The statins have emerged as the dominant class of drug for the treatment of hypercholesterolemia. These medications are generally well tolerated. However, myalgias, the most frequent side-effect, occur in up to 7% of patients. Transaminitis and skeletal myotoxicity, with elevated serum creatine kinase (CK) levels (i.e., >10 times the upper limit of normal), occur with reported frequencies of 1% and 0.1%, respectively. Various hypotheses have been proposed to explain the relationship between statin therapy and the spectrum of muscle dysfunction manifested by myalgia, myopathy, and rhabdomyolysis.
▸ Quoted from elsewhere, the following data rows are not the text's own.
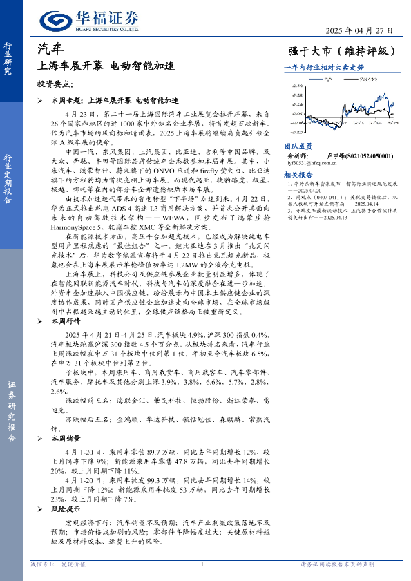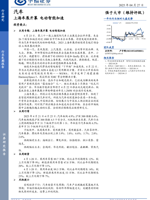 【华福证券】【20250427】汽车行业定期报告:上海车展开幕,电动智能加速-12页
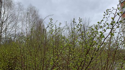 Перше листя на кущах в одному з мікрорайонів Хмельницького, 9 квітня 2026 року. Суспільне Хмельницький
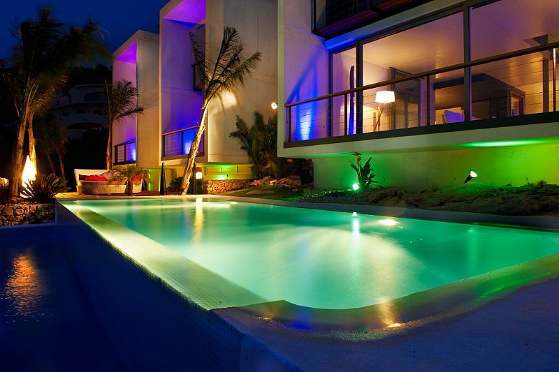 Modern contemporary luxury home (2010) for sale located 1.5 km from the beach in Benidorm Alicante. Constructed surface: 491 m2 - plot surface: 1000 m2 - 4 bedrooms, 5 bathrooms, 1 living room, 1 dining room, 1 kitchen, 3 terraces. Qualities include: under-floor heating, south orientation, air conditioning, garage, car parking, covered terraces, solarium, utility room, modern kitchen with electrical appliances.
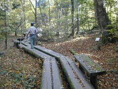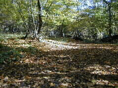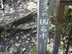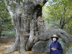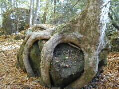 | 名水から流れる谷川に沿って散歩をしました。落ち葉が一面に散ってカサコソと気持ちの良い散策道です。 あたりには、たくさんの木が生えていて、大きな石を抱き込んだ珍しい木もありました。 |  |
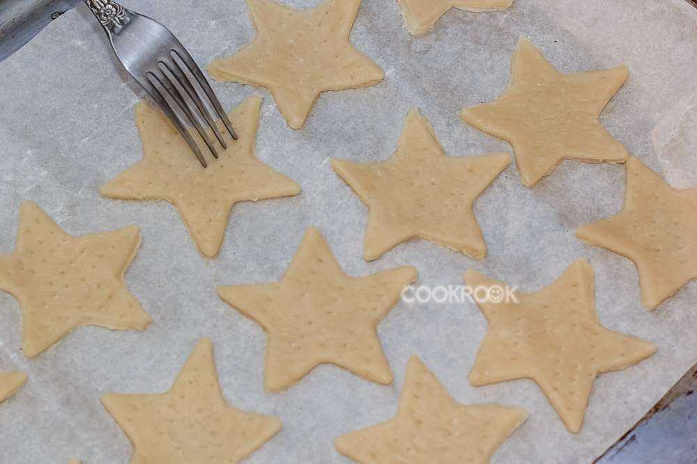 - Духовку нагреть до 180 градусов. Переложить вырезанные коржики на противень. Печь минут 15 до слегка зарумянившихся краев. Главное, не передержать коржики в духовке, иначе они превратятся в обычное печенье.
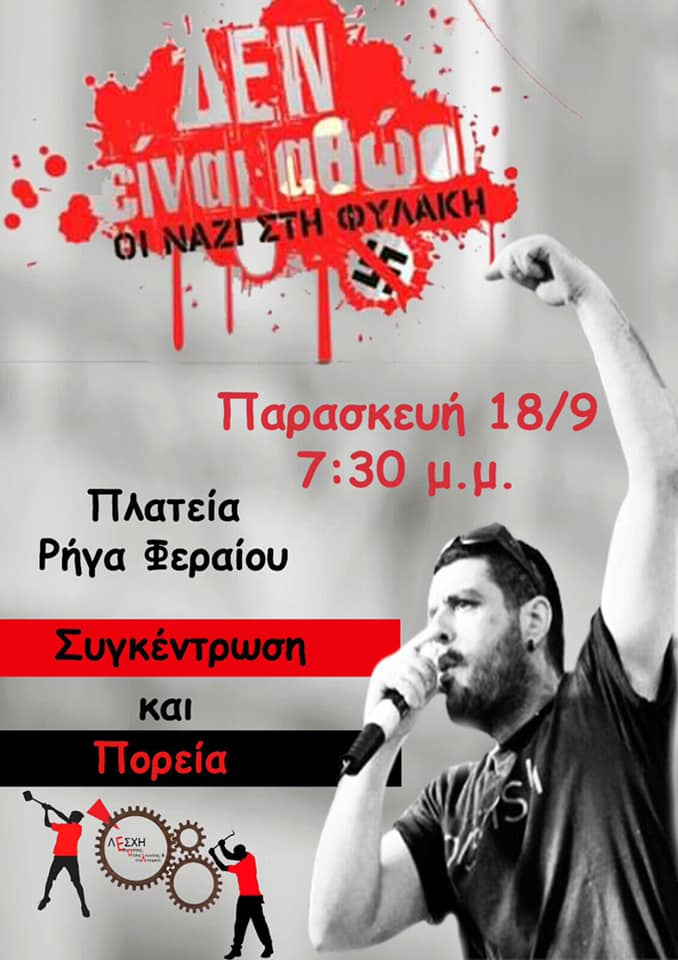 ΛΕΣΧΗ ΕΡΓΑΣΙΑΣ, ΑΛΛΗΛΕΓΓΥΗΣ & ΠΟΛΙΤΙΣΜΟΥ : Ο ΠΑΥΛΟΣ ΦΥΣΣΑΣ ΖΕΙ, ΟΙ ΝΑΖΙ ΣΤΗ ΦΥΛΑΚΗ! ΟΛΕΣ – OΛΟΙ ΣΤΙ ΣΥΓΚΕΝΤΡΩΣΗ ΠΑΡΑΣΚΕΥΗ 18/9, 7: 30 μ.μ., ΠΛΑΤΕΙΑ ΡΗΓΑ ΦΕΡΑΙΟΥ.
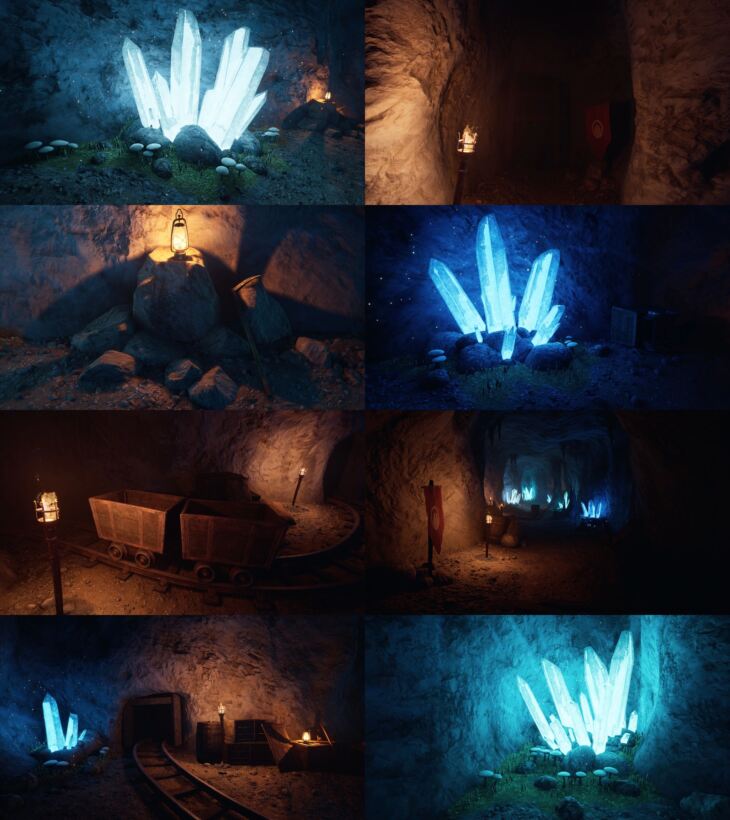 Crystal Mines scene features a selection of assets you can use to create your own fantasy underground world: a variety of rocks and crystals with unique shader and vegetation such as moss and mushrooms, rail tracks to use with splines, mine carts, mining tools, and other!
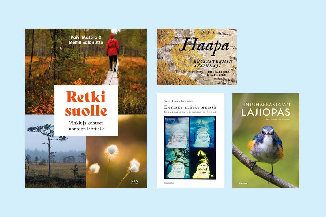 Retki suolle opastaa suoretkeilyn saloihin. Kevään kirjauutuuksista löytyy myös saamelaisten historiaa ja mielenkiintoisia luontokirjoja.
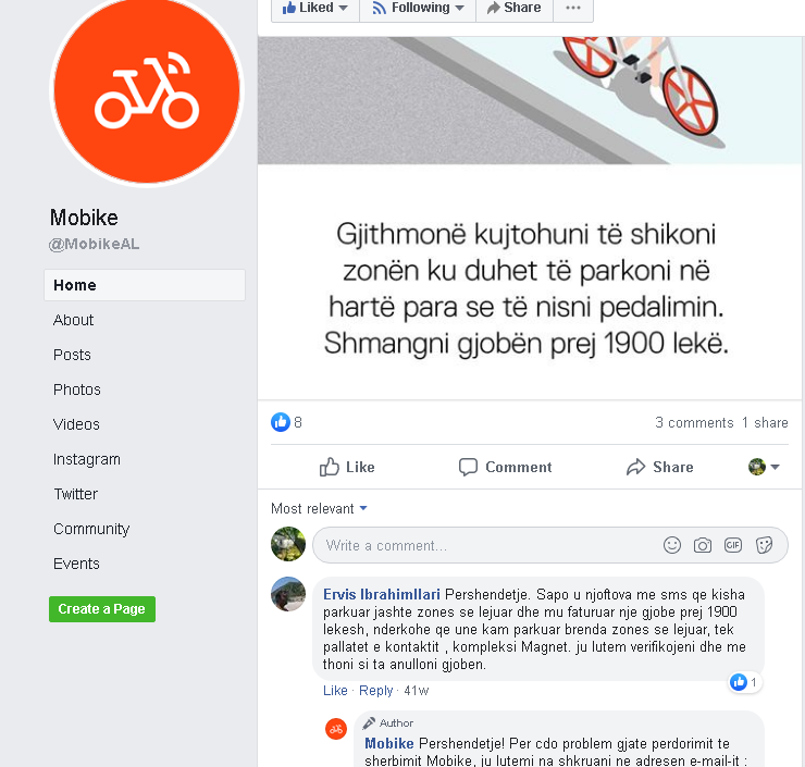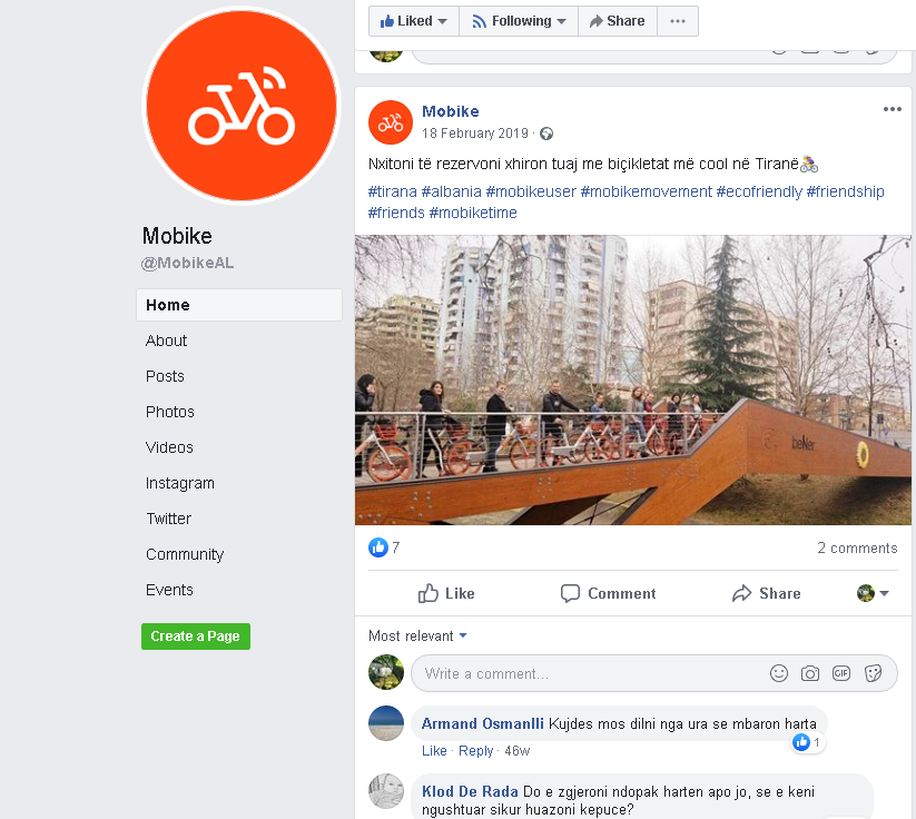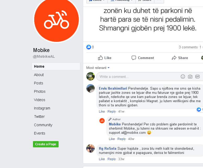 Llogaria në Facebook e “Mobike” në Shqipëri nuk është rifreskuar që në korrik 2019.

Statin-mediatd inhibition of mevalonate metabolism impairs the synthesis of isoprenylated products–the most notable of which is ubiquinone. However, isoprenylation is responsible for the post-translational modification of up to 2% of cellular proteins. Therefore, numerous metabolic pathways are potentially modified by statin-mediated hypoprenylation. Subclinical defects in one or more energy-deriving pathways may be unmasked upon exposure to the pleotropic effects of statins. Such pharmacogenomic synergism may underlie the development of “statin myopathy” in a subset of patients. In this regard, we describe four patients with mutations in the myophosphorylase (
PYGM; MIM 232600), myoadenylate deaminase ( AMPD1; MIM 102770), and carnitine palmitoyltransferase ( CPT2; MIM 600650) genes whose diagnoses became apparent during the course of investigations for statin-induced myalgias and hyperCKemia.